Inference about the expected performance of a data-driven dynamic treatment regime.

作者信息

Chakraborty Bibhas, Laber Eric B, Zhao Ying-Qi

机构信息

Centre for Quantitative Medicine, Duke-NUS Graduate Medical School, Singapore, Singapore Department of Biostatistics, Columbia University, New York, NY, USA

Department of Statistics, North Carolina State University, Raleigh, NC, USA.

出版信息

Clin Trials. 2014 Aug;11(4):408-417. doi: 10.1177/1740774514537727. Epub 2014 Jun 12.

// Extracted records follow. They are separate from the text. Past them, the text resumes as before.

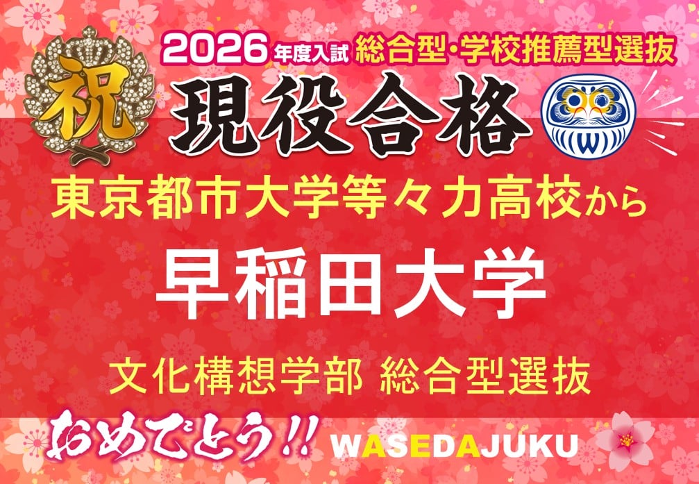 【2026年度入試 現高3生】東京都市大学等々力高校から、早稲田大学文化構想学部へ総合型選抜で見事現役合格!
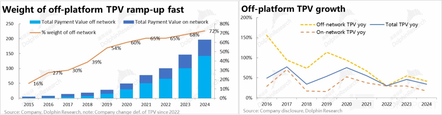 根據公司的披露,在2015~2024的十年間,體係外支付額的佔比快速從16%拉升到72%,且「巧合」地在體係内支付滲透率逼近100%的2020年前後,體係外支付佔比正巧過半及時接過了繼續推動整體支付額保持較高增長的職責。
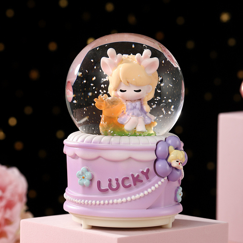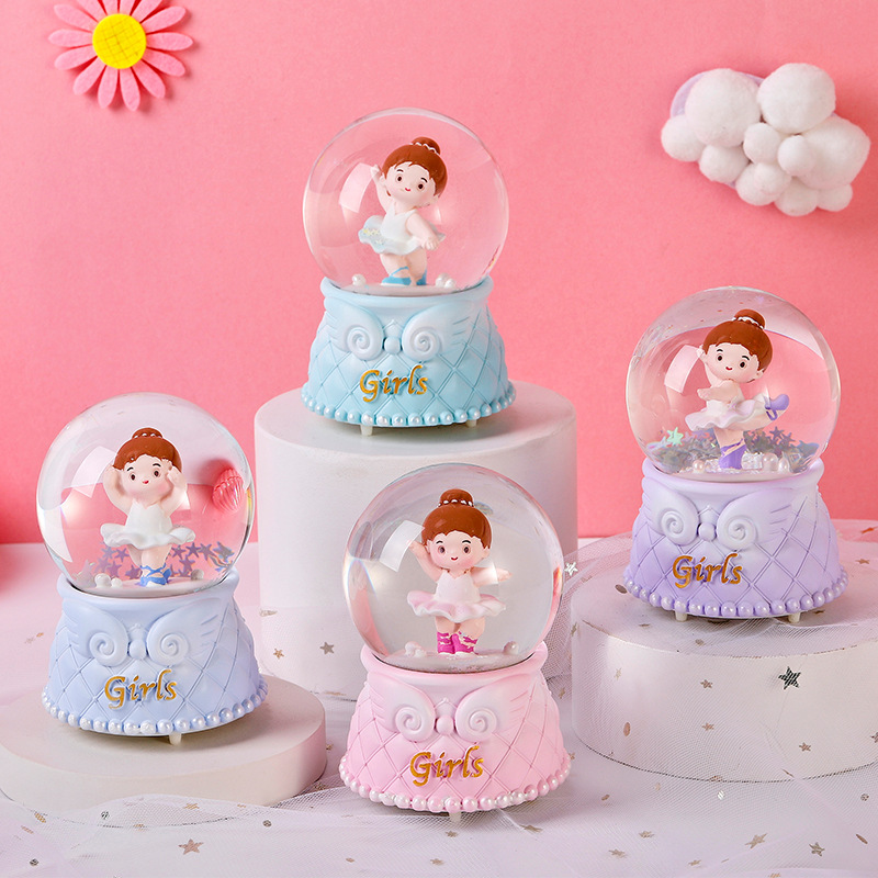 熱い峡谷の漫画の発光の水晶のボールの音楽の箱の少女の創意の置物の学友の誕生日の贈り物の水玉の置物
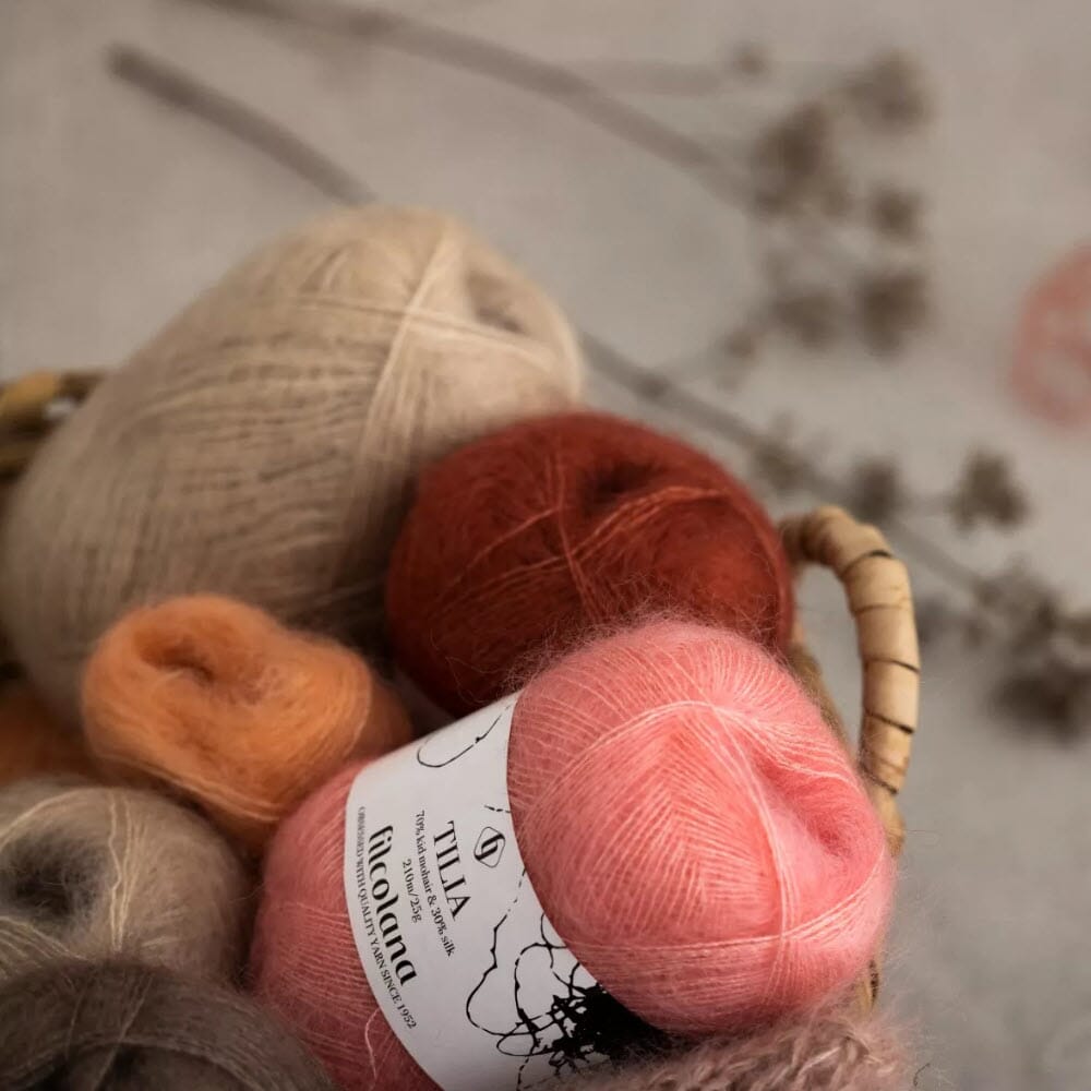 Tilia er et luksuriøst garn, spunnet av 70% kidmohair og 30% morbærsilke. Teknisk sett er Tilia et tynt kamgarnsspunnet, børstet garn. Mohair har alle de gode egenskaper, vi kjenner fra ull. Det er varmt, vakkert og kan absorbere fukt, hvilket gjør det behagelig å ha på. Mohairfibrene er, sammenlignet med ull, blanke og en smule sterkere. Silke har gjennom årtusener vært en av de mest ettertraktede tekstilfibre. Den er blank, pen, stærk og utrolig behagelig å ha på. Kombinasjonen av silke og en sky av mohair er noe av det lekreste og mest luksuriøse garn, man kan ønske seg å strikke med.
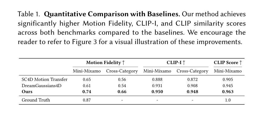 - 与适应的基线相比,该方法展示更高的动作保真度和结构一致性。
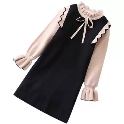 Girls dress thin sweater skirt spring and autumn girls foreign style pullover knitted long sleeve hip short skirt Korean children's clothing tide
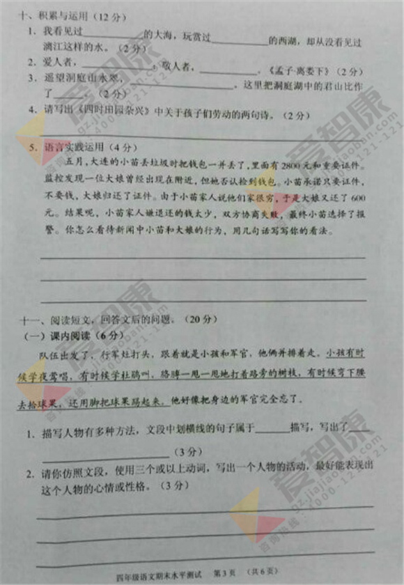 2017年广州天河区四年级下学期语文期末试卷(3)
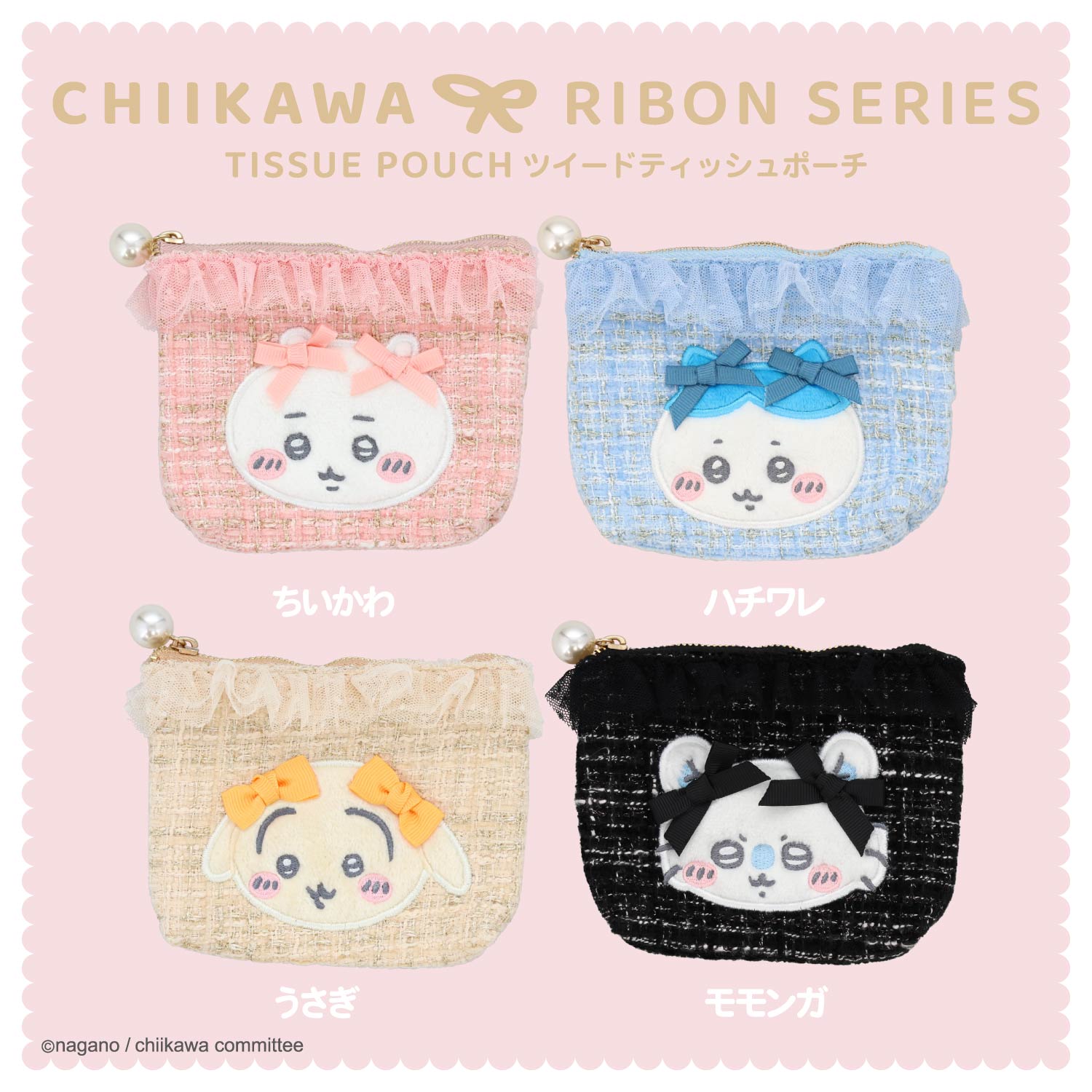 ちいかわ リボンシリーズ ツイードティッシュポーチ
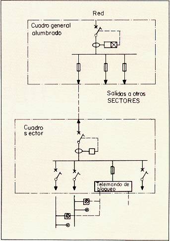 En el caso de que la instalación deba quedar sin tensión, deberán adoptarse medidas para bloquear la entrada en servicio de los aparatos autónomos durante esos períodos, puesto que entrarían en servicio innecesariamente agotando diariamente los acumuladores por lo que quedarían inservibles durante el siguiente período de carga, además de acortar considerablemente su vida. Esto puede conseguirse utilizando un telemando de bloqueo y aparatos autónomos adecuados (Fig. 8).
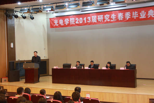 2013年3月22日下午,det365登录网站主页2013届春季毕业研究生毕业典礼在学校七号楼报告厅举行。出席典礼活动的学院领导和老师有:det365登录网站主页院长薛唯、副院长黄一帆、光电信息技术与颜色工程研究所所长刘越、光电子研究所所长高春清及部分老师和家长。典礼仪式由学院党委副书记、副院长邹锐主持。
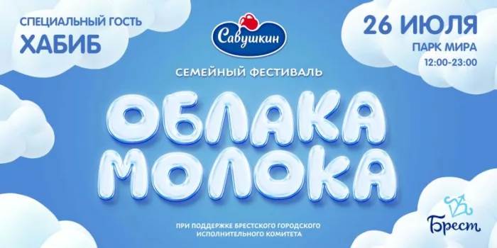 В брестском Парке Мира в пятницу, 26 июля, пройдёт фестиваль «Облака молока», который устраивает «Савушкин продукт». Он станет праздничным подарком от компании к Дню города для всех его жителей и гостей. Программу можно посмотреть здесь.
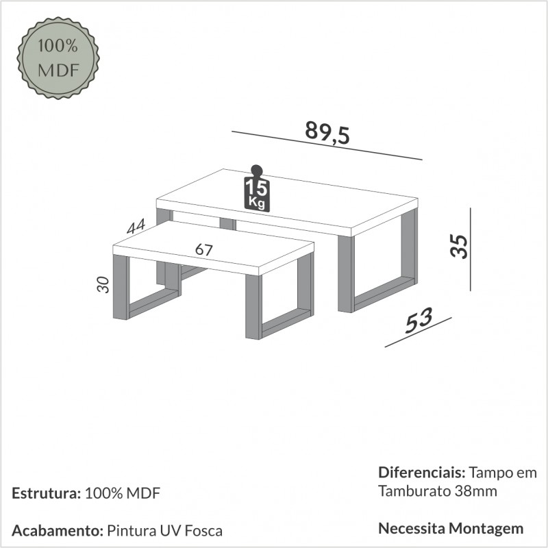 Desenvolvida com design industrial e características únicas, o Conjunto de Mesas de Centro F40 é a combinação perfeita para uma sala de estar moderna e funcional.
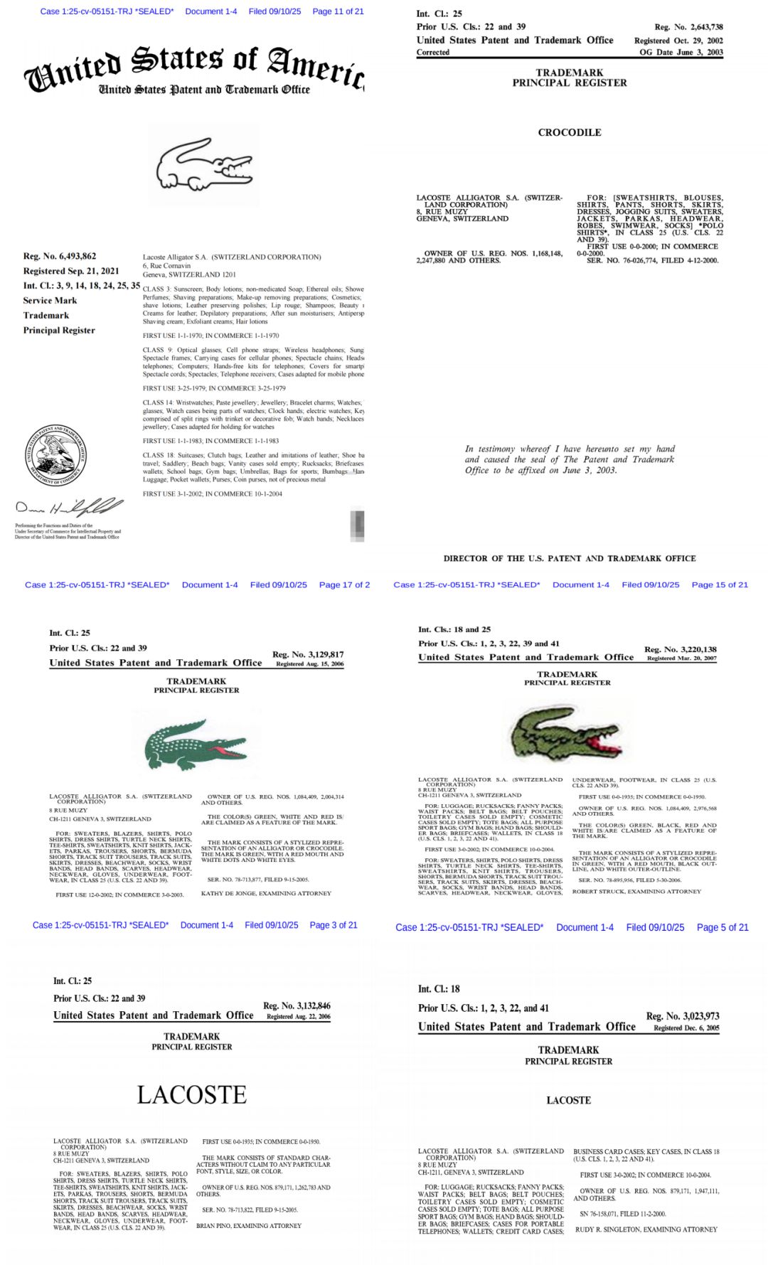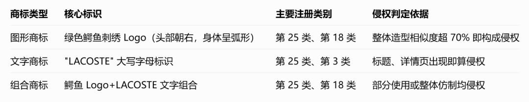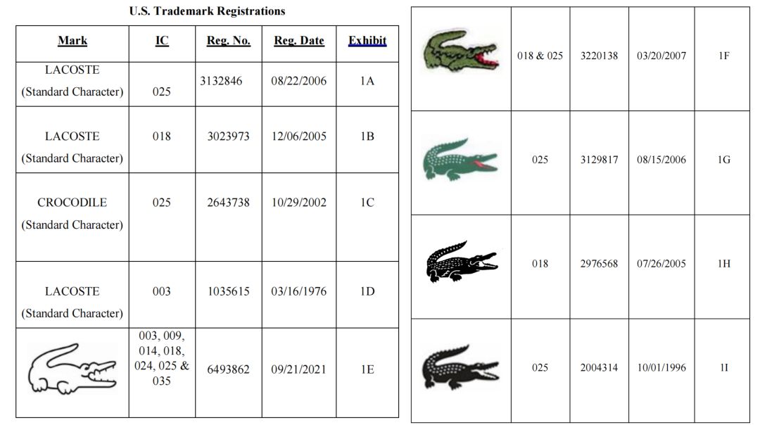 Lacoste品牌核心商标,包括但不限于鳄鱼图形商标(注册号详见起诉文件)、文字商标“LACOSTE”及“LACOSTE ALLIGATOR S.A.”全称。全球范围内电商平台,重点打击服装、鞋履、配饰等类目商品。Lacoste的维权商标形成 "文字 + 图形" 双重保护网,Allen团队结合USPTO及海关备案信息整理关键要点:

DOI:10.1177/1740774514537727
PMID:24925083
原文链接:https://pmc.ncbi.nlm.nih.gov/articles/PMC4265005/
Abstract

BACKGROUND

A dynamic treatment regime (DTR) comprises a sequence of decision rules, one per stage of intervention, that recommends how to individualize treatment to patients based on evolving treatment and covariate history. These regimes are useful for managing chronic disorders, and fit into the larger paradigm of personalized medicine. The Value of a DTR is the expected outcome when the DTR is used to assign treatments to a population of interest.

PURPOSE

The Value of a data-driven DTR, estimated using data from a Sequential Multiple Assignment Randomized Trial, is both a data-dependent parameter and a non-smooth function of the underlying generative distribution. These features introduce additional variability that is not accounted for by standard methods for conducting statistical inference, for example, the bootstrap or normal approximations, if applied without adjustment. Our purpose is to provide a feasible method for constructing valid confidence intervals (CIs) for this quantity of practical interest.

METHODS

We propose a conceptually simple and computationally feasible method for constructing valid CIs for the Value of an estimated DTR based on subsampling. The method is self-tuning by virtue of an approach called the double bootstrap. We demonstrate the proposed method using a series of simulated experiments.

RESULTS

The proposed method offers considerable improvement in terms of coverage rates of the CIs over the standard bootstrap approach.

LIMITATIONS

In this article, we have restricted our attention to Q-learning for estimating the optimal DTR. However, other methods can be employed for this purpose; to keep the discussion focused, we have not explored these alternatives.

CONCLUSION

Subsampling-based CIs provide much better performance compared to standard bootstrap for the Value of an estimated DTR.

摘要

背景

动态治疗方案(DTR)由一系列决策规则组成,每个干预阶段一个,根据不断变化的治疗和协变量历史,推荐如何对患者进行个体化治疗。这些方案对于管理慢性疾病很有用,并且符合个性化医疗的更大范式。DTR的价值是当DTR用于为感兴趣的人群分配治疗时的预期结果。

目的

使用序贯多重分配随机试验的数据估计的数据驱动DTR的价值,既是一个依赖于数据的参数,也是潜在生成分布的非光滑函数。这些特征引入了额外的变异性,如果不进行调整就应用标准的统计推断方法(例如,自助法或正态近似),则无法考虑这些变异性。我们的目的是提供一种可行的方法,为这个具有实际意义的量构建有效的置信区间(CI)。

方法

我们提出了一种概念上简单且计算可行的方法,用于基于子采样为估计的DTR的价值构建有效的CI。该方法通过一种称为双重自助法的方法进行自我调整。我们使用一系列模拟实验展示了所提出的方法。

结果

与标准自助法相比,所提出的方法在CI覆盖率方面有显著改进。

局限性

在本文中,我们将注意力限制在用于估计最优DTR的Q学习上。然而,也可以为此目的采用其他方法;为了保持讨论的重点,我们没有探讨这些替代方法。

结论

与标准自助法相比,基于子采样的CI为估计的DTR的价值提供了更好的性能。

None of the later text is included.